WHAT THE TASK REQUIRES: As the answer, set down the lines below from the one containing "Description : Le" through the one containing "buchón de 50", exactly and inclusively, and no others.

THE DATA:
[Start of Attachment]
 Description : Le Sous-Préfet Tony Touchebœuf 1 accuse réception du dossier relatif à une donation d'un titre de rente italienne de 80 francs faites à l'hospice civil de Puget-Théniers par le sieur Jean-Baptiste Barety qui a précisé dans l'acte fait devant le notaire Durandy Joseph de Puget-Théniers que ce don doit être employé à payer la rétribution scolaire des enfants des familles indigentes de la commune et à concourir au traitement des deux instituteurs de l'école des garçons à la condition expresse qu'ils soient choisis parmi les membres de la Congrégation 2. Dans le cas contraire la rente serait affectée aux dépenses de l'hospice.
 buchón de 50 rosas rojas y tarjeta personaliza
[End of Attachment]
[Start of Attachment]
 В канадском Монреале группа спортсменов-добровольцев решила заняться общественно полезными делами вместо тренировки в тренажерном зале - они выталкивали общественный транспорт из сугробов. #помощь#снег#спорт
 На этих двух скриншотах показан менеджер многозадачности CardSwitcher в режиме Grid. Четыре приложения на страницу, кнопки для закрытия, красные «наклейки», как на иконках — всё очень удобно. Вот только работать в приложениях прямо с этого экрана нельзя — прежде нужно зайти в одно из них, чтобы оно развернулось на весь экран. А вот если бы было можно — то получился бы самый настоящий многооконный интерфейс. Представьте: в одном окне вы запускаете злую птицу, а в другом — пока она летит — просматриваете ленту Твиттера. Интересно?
[End of Attachment]
[Start of Attachment]
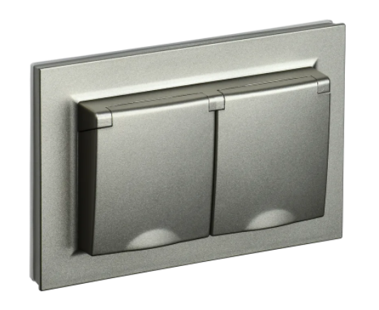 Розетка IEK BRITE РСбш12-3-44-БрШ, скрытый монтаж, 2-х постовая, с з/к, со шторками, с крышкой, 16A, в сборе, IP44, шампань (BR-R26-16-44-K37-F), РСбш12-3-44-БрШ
[End of Attachment]
RESPONSE TO THIS EXERCISE:
 Description : Le Sous-Préfet Tony Touchebœuf 1 accuse réception du dossier relatif à une donation d'un titre de rente italienne de 80 francs faites à l'hospice civil de Puget-Théniers par le sieur Jean-Baptiste Barety qui a précisé dans l'acte fait devant le notaire Durandy Joseph de Puget-Théniers que ce don doit être employé à payer la rétribution scolaire des enfants des familles indigentes de la commune et à concourir au traitement des deux instituteurs de l'école des garçons à la condition expresse qu'ils soient choisis parmi les membres de la Congrégation 2. Dans le cas contraire la rente serait affectée aux dépenses de l'hospice.
 buchón de 50 rosas rojas y tarjeta personaliza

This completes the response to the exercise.